• _GOAL OF THE EXERCISE_
In the listing below, find the line that contains "该接口在百度、腾讯、华为、京东数据市场均有上架。" and the line that contains "Анх тус овоолгыг". Quote both and every line between them, exactly, and nothing more.

• _PROVIDED MATERIAL_
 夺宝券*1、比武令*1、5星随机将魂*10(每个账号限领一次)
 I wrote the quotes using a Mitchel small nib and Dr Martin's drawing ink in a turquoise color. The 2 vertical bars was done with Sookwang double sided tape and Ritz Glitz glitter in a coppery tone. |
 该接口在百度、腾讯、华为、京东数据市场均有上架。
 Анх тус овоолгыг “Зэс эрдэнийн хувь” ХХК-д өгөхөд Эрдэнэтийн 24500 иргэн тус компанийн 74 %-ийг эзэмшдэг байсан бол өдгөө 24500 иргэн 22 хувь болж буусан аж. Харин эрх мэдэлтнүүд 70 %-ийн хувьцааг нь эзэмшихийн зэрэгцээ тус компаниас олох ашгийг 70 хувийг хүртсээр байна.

* * *

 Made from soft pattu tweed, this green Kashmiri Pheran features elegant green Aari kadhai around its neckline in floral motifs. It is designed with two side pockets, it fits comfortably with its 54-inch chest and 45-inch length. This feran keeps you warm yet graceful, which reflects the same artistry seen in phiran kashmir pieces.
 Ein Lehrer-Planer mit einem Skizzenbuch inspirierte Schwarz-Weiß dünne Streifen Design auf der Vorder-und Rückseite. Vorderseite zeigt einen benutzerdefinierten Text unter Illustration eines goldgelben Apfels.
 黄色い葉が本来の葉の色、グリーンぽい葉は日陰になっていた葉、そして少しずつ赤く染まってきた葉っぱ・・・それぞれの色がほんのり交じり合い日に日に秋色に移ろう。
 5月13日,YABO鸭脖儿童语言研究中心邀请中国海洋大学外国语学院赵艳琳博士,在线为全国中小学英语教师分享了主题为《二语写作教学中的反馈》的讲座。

• _ANSWER BELOW_
 该接口在百度、腾讯、华为、京东数据市场均有上架。
 Анх тус овоолгыг “Зэс эрдэнийн хувь” ХХК-д өгөхөд Эрдэнэтийн 24500 иргэн тус компанийн 74 %-ийг эзэмшдэг байсан бол өдгөө 24500 иргэн 22 хувь болж буусан аж. Харин эрх мэдэлтнүүд 70 %-ийн хувьцааг нь эзэмшихийн зэрэгцээ тус компаниас олох ашгийг 70 хувийг хүртсээр байна.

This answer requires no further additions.